» **How to complete this task**:
Return only the lines from the start of the records through the line that contains "关于《最美是故乡》曲谱的评论", inclusive; leave out all pictures.

Segment Start: Data for processing

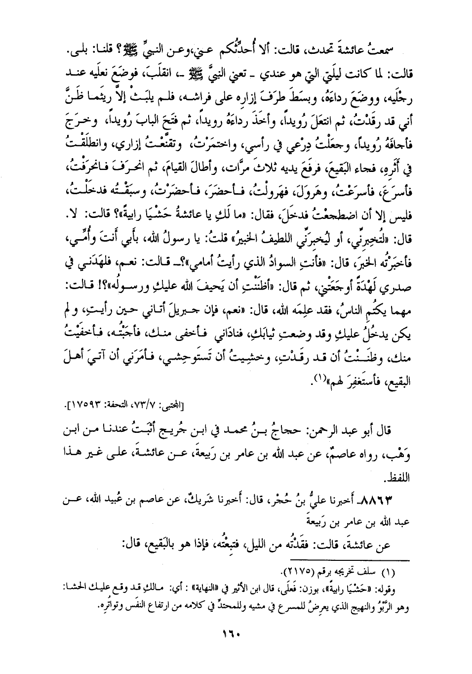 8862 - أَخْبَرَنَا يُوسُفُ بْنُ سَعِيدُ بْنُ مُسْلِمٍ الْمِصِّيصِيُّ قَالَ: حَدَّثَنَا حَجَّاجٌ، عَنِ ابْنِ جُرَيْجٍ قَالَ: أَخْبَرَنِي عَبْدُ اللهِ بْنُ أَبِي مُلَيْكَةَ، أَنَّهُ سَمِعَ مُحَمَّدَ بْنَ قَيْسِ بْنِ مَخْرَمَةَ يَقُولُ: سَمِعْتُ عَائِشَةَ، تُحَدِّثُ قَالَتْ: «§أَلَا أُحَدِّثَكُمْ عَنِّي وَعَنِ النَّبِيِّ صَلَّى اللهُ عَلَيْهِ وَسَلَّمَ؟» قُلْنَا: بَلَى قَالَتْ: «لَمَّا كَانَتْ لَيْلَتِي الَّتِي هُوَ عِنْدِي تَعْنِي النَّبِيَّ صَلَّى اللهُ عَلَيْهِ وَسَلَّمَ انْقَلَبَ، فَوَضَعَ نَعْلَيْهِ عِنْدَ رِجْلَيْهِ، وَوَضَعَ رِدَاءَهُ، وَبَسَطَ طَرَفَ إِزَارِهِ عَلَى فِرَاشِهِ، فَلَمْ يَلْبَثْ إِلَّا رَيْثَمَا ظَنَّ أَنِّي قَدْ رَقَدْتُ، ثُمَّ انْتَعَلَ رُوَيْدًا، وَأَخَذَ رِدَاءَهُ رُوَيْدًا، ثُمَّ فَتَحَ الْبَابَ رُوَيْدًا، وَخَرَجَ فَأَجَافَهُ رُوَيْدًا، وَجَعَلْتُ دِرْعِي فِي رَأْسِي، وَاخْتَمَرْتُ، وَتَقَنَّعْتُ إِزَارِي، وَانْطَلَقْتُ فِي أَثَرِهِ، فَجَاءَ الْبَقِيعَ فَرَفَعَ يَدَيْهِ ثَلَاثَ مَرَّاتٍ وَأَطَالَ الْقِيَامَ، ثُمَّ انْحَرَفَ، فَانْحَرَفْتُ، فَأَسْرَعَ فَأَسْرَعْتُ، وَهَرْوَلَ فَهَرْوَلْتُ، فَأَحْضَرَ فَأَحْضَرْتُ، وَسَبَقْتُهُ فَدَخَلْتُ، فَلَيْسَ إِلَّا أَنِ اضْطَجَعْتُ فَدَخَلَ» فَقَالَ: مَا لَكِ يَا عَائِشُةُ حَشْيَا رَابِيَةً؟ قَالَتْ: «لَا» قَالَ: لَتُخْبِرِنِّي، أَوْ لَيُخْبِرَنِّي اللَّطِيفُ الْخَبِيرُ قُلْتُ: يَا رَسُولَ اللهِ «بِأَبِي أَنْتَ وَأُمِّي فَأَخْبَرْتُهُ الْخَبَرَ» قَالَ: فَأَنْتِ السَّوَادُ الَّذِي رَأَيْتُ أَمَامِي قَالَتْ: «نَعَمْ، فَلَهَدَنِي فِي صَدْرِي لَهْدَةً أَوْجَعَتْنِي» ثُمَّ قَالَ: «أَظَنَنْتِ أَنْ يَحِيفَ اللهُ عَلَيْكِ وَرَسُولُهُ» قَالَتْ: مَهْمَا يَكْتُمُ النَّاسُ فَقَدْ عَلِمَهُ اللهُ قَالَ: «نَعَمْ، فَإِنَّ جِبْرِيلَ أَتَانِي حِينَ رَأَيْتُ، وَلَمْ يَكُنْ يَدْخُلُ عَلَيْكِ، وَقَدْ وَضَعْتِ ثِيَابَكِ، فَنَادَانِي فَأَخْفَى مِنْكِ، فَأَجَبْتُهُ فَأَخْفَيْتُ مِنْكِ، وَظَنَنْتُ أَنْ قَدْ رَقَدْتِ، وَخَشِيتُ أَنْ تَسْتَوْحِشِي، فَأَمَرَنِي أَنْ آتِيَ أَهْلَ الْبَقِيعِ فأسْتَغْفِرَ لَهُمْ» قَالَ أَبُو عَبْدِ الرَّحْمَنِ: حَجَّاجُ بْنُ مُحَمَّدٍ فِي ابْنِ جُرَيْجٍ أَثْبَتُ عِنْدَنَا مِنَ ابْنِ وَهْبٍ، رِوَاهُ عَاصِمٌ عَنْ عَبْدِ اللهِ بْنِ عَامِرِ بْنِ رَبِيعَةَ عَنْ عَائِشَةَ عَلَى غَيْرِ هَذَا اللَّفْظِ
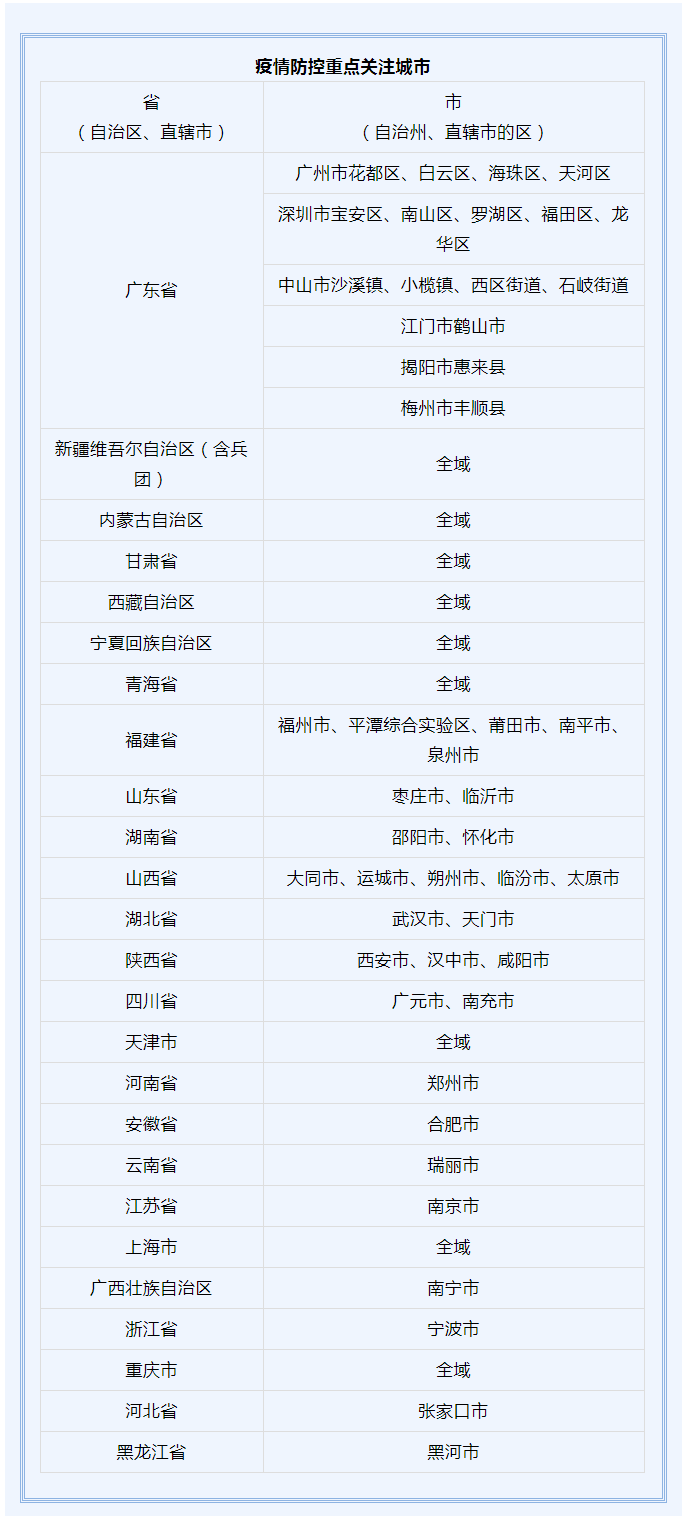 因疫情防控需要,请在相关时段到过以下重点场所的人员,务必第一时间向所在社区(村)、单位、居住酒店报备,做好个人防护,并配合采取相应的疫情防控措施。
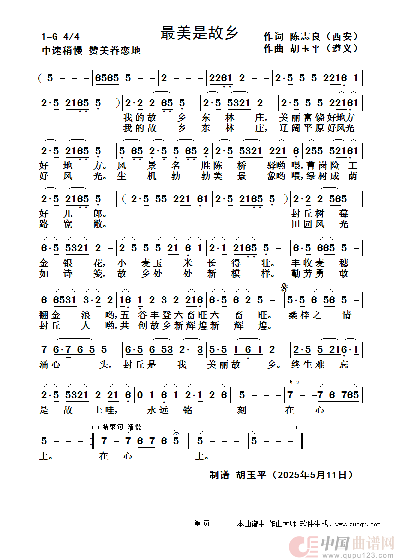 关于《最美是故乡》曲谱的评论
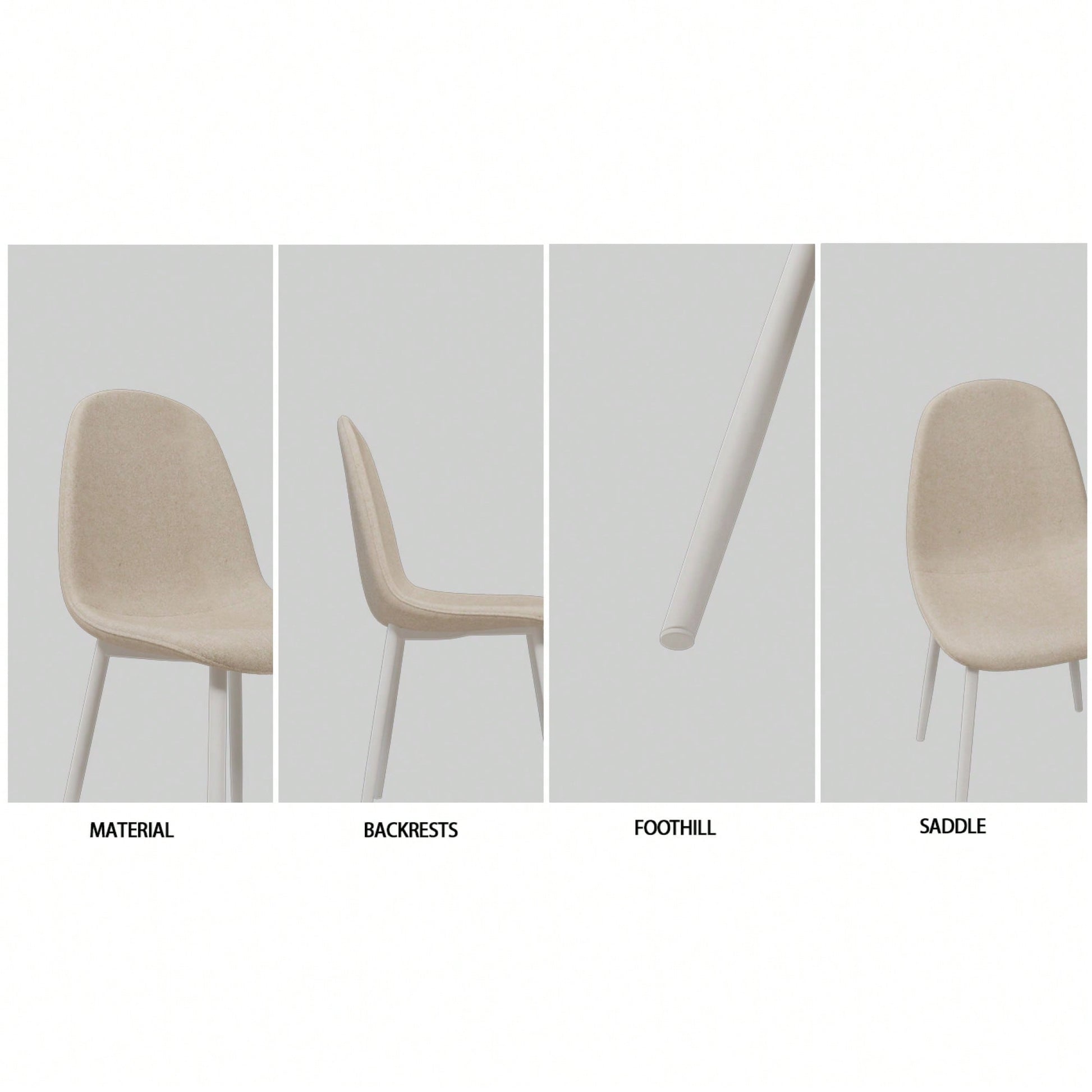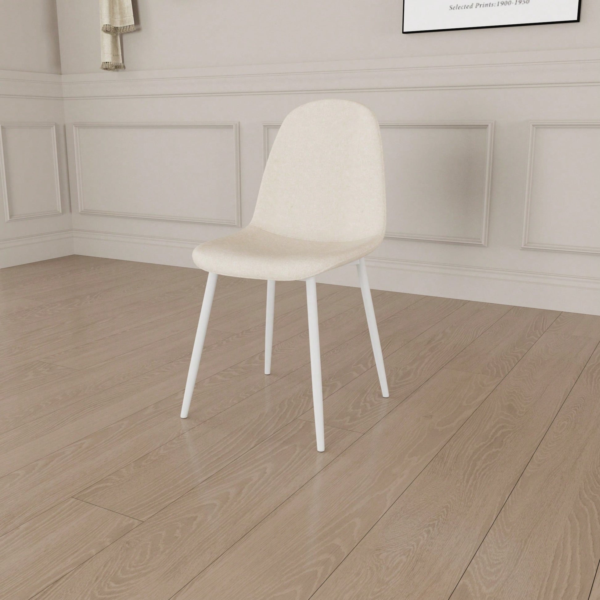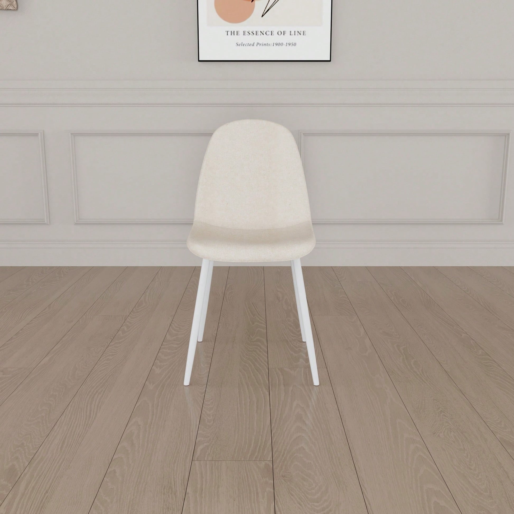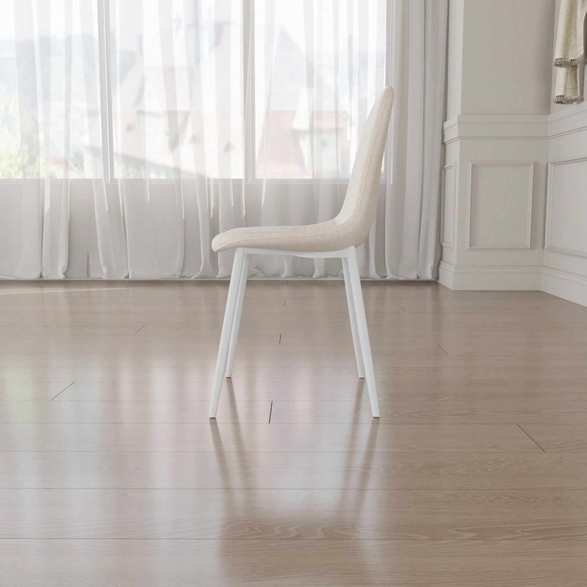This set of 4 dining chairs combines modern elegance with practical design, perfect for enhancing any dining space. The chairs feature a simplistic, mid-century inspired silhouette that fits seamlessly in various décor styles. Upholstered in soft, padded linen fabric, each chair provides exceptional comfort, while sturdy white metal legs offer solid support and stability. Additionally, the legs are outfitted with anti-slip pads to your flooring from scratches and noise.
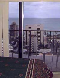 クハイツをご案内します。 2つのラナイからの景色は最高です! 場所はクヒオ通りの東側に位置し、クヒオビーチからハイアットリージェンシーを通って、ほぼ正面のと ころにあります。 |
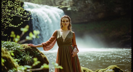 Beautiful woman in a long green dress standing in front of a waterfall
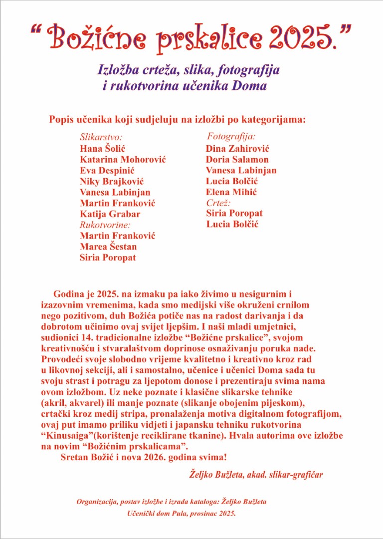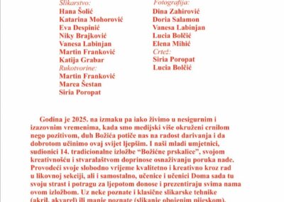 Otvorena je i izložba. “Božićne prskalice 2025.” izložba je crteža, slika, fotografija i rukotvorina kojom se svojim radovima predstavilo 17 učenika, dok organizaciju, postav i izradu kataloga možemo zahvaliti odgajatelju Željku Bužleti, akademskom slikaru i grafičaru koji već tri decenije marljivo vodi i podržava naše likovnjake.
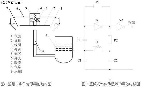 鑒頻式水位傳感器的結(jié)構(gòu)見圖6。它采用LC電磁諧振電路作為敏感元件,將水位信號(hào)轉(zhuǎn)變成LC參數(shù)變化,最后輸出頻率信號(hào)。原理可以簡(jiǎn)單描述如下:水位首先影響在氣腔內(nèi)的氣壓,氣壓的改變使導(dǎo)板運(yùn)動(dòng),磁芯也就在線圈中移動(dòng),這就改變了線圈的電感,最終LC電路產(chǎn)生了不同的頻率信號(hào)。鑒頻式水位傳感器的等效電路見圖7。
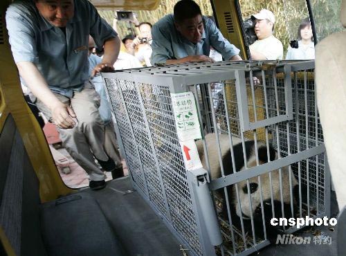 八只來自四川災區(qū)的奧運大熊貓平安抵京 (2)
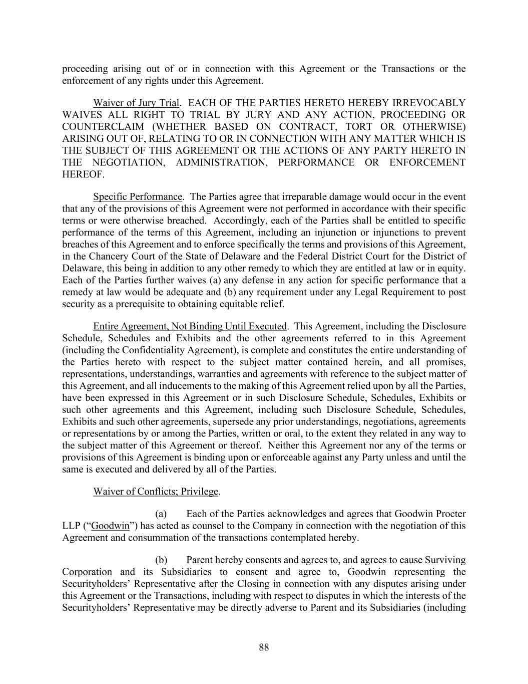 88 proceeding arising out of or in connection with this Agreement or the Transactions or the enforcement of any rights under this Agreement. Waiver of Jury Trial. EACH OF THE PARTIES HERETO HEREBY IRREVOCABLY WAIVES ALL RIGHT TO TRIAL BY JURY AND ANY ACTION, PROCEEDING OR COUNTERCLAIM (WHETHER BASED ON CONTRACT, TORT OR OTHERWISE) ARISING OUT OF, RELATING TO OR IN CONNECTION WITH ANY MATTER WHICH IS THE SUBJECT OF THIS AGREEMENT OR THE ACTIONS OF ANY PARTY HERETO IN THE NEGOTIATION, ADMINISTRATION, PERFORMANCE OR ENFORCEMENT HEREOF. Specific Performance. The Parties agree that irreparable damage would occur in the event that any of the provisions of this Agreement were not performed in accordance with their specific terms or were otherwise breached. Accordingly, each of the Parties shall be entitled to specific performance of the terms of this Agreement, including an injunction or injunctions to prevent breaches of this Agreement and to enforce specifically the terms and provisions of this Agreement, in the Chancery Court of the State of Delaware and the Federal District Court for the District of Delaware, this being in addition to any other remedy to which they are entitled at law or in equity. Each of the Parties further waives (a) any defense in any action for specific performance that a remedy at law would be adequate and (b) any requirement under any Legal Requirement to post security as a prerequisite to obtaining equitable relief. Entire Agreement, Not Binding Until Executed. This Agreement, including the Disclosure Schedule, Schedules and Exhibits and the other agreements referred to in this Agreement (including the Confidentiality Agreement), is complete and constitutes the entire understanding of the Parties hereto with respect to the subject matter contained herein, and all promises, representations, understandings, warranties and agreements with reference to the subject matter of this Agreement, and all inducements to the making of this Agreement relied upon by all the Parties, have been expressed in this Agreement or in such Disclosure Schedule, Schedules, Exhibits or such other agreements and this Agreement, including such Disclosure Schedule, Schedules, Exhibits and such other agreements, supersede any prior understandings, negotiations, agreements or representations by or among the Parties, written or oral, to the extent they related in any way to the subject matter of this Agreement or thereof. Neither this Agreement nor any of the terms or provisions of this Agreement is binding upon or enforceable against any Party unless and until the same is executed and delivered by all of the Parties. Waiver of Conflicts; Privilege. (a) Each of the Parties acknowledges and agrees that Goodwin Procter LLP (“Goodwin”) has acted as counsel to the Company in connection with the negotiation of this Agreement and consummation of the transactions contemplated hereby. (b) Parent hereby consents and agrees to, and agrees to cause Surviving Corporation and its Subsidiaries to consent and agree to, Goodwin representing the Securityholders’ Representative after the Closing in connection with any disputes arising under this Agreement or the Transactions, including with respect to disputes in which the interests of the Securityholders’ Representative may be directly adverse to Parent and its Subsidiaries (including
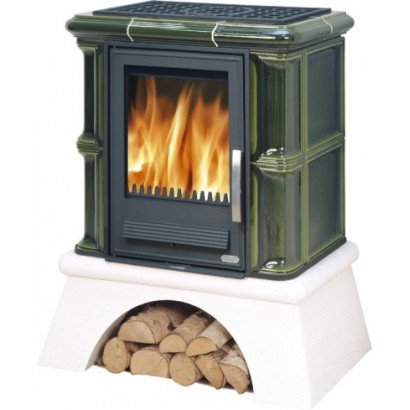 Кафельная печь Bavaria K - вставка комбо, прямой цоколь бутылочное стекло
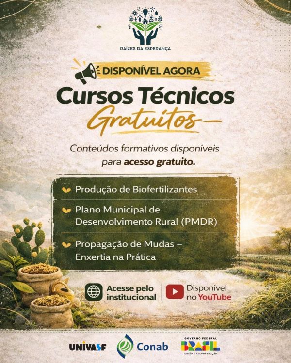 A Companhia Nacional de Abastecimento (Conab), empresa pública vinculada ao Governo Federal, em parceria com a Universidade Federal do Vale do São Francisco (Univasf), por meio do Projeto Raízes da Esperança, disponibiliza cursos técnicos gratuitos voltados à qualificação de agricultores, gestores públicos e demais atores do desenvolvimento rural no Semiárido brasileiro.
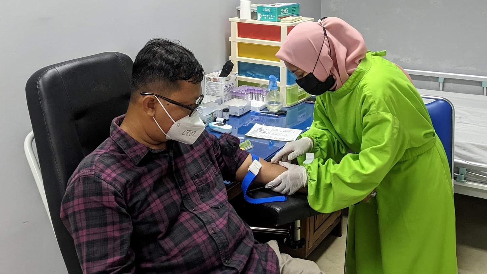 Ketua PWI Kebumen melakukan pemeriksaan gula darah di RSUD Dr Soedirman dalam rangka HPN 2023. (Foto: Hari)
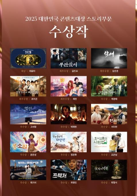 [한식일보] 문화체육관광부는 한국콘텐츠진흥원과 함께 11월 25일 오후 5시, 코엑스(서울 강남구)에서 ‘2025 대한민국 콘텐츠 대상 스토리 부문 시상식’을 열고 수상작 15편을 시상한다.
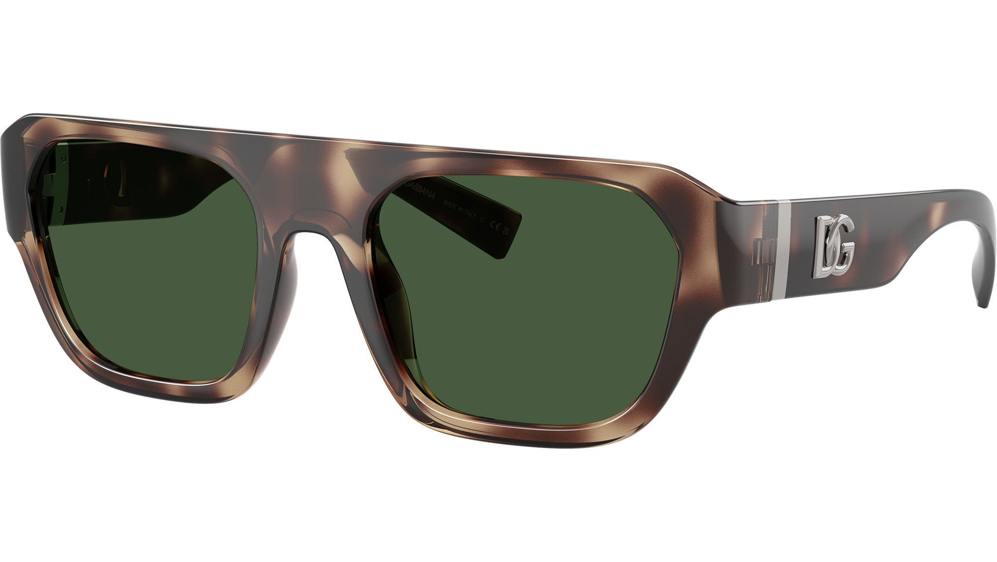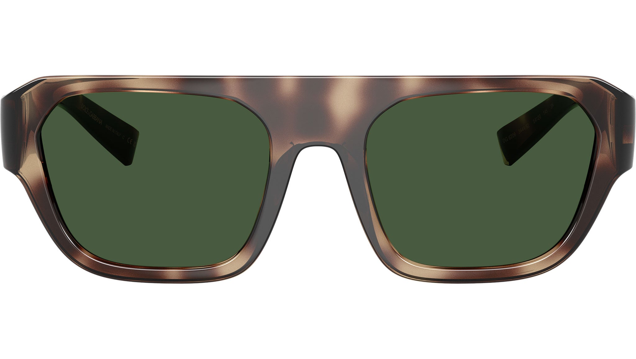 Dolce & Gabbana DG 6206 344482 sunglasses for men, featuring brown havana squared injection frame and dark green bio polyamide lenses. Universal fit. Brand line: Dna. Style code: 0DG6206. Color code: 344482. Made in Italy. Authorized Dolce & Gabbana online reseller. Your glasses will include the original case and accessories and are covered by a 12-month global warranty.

Segment End: Data for processing

» **Result for this task**:
 8862 - أَخْبَرَنَا يُوسُفُ بْنُ سَعِيدُ بْنُ مُسْلِمٍ الْمِصِّيصِيُّ قَالَ: حَدَّثَنَا حَجَّاجٌ، عَنِ ابْنِ جُرَيْجٍ قَالَ: أَخْبَرَنِي عَبْدُ اللهِ بْنُ أَبِي مُلَيْكَةَ، أَنَّهُ سَمِعَ مُحَمَّدَ بْنَ قَيْسِ بْنِ مَخْرَمَةَ يَقُولُ: سَمِعْتُ عَائِشَةَ، تُحَدِّثُ قَالَتْ: «§أَلَا أُحَدِّثَكُمْ عَنِّي وَعَنِ النَّبِيِّ صَلَّى اللهُ عَلَيْهِ وَسَلَّمَ؟» قُلْنَا: بَلَى قَالَتْ: «لَمَّا كَانَتْ لَيْلَتِي الَّتِي هُوَ عِنْدِي تَعْنِي النَّبِيَّ صَلَّى اللهُ عَلَيْهِ وَسَلَّمَ انْقَلَبَ، فَوَضَعَ نَعْلَيْهِ عِنْدَ رِجْلَيْهِ، وَوَضَعَ رِدَاءَهُ، وَبَسَطَ طَرَفَ إِزَارِهِ عَلَى فِرَاشِهِ، فَلَمْ يَلْبَثْ إِلَّا رَيْثَمَا ظَنَّ أَنِّي قَدْ رَقَدْتُ، ثُمَّ انْتَعَلَ رُوَيْدًا، وَأَخَذَ رِدَاءَهُ رُوَيْدًا، ثُمَّ فَتَحَ الْبَابَ رُوَيْدًا، وَخَرَجَ فَأَجَافَهُ رُوَيْدًا، وَجَعَلْتُ دِرْعِي فِي رَأْسِي، وَاخْتَمَرْتُ، وَتَقَنَّعْتُ إِزَارِي، وَانْطَلَقْتُ فِي أَثَرِهِ، فَجَاءَ الْبَقِيعَ فَرَفَعَ يَدَيْهِ ثَلَاثَ مَرَّاتٍ وَأَطَالَ الْقِيَامَ، ثُمَّ انْحَرَفَ، فَانْحَرَفْتُ، فَأَسْرَعَ فَأَسْرَعْتُ، وَهَرْوَلَ فَهَرْوَلْتُ، فَأَحْضَرَ فَأَحْضَرْتُ، وَسَبَقْتُهُ فَدَخَلْتُ، فَلَيْسَ إِلَّا أَنِ اضْطَجَعْتُ فَدَخَلَ» فَقَالَ: مَا لَكِ يَا عَائِشُةُ حَشْيَا رَابِيَةً؟ قَالَتْ: «لَا» قَالَ: لَتُخْبِرِنِّي، أَوْ لَيُخْبِرَنِّي اللَّطِيفُ الْخَبِيرُ قُلْتُ: يَا رَسُولَ اللهِ «بِأَبِي أَنْتَ وَأُمِّي فَأَخْبَرْتُهُ الْخَبَرَ» قَالَ: فَأَنْتِ السَّوَادُ الَّذِي رَأَيْتُ أَمَامِي قَالَتْ: «نَعَمْ، فَلَهَدَنِي فِي صَدْرِي لَهْدَةً أَوْجَعَتْنِي» ثُمَّ قَالَ: «أَظَنَنْتِ أَنْ يَحِيفَ اللهُ عَلَيْكِ وَرَسُولُهُ» قَالَتْ: مَهْمَا يَكْتُمُ النَّاسُ فَقَدْ عَلِمَهُ اللهُ قَالَ: «نَعَمْ، فَإِنَّ جِبْرِيلَ أَتَانِي حِينَ رَأَيْتُ، وَلَمْ يَكُنْ يَدْخُلُ عَلَيْكِ، وَقَدْ وَضَعْتِ ثِيَابَكِ، فَنَادَانِي فَأَخْفَى مِنْكِ، فَأَجَبْتُهُ فَأَخْفَيْتُ مِنْكِ، وَظَنَنْتُ أَنْ قَدْ رَقَدْتِ، وَخَشِيتُ أَنْ تَسْتَوْحِشِي، فَأَمَرَنِي أَنْ آتِيَ أَهْلَ الْبَقِيعِ فأسْتَغْفِرَ لَهُمْ» قَالَ أَبُو عَبْدِ الرَّحْمَنِ: حَجَّاجُ بْنُ مُحَمَّدٍ فِي ابْنِ جُرَيْجٍ أَثْبَتُ عِنْدَنَا مِنَ ابْنِ وَهْبٍ، رِوَاهُ عَاصِمٌ عَنْ عَبْدِ اللهِ بْنِ عَامِرِ بْنِ رَبِيعَةَ عَنْ عَائِشَةَ عَلَى غَيْرِ هَذَا اللَّفْظِ
 因疫情防控需要,请在相关时段到过以下重点场所的人员,务必第一时间向所在社区(村)、单位、居住酒店报备,做好个人防护,并配合采取相应的疫情防控措施。
 关于《最美是故乡》曲谱的评论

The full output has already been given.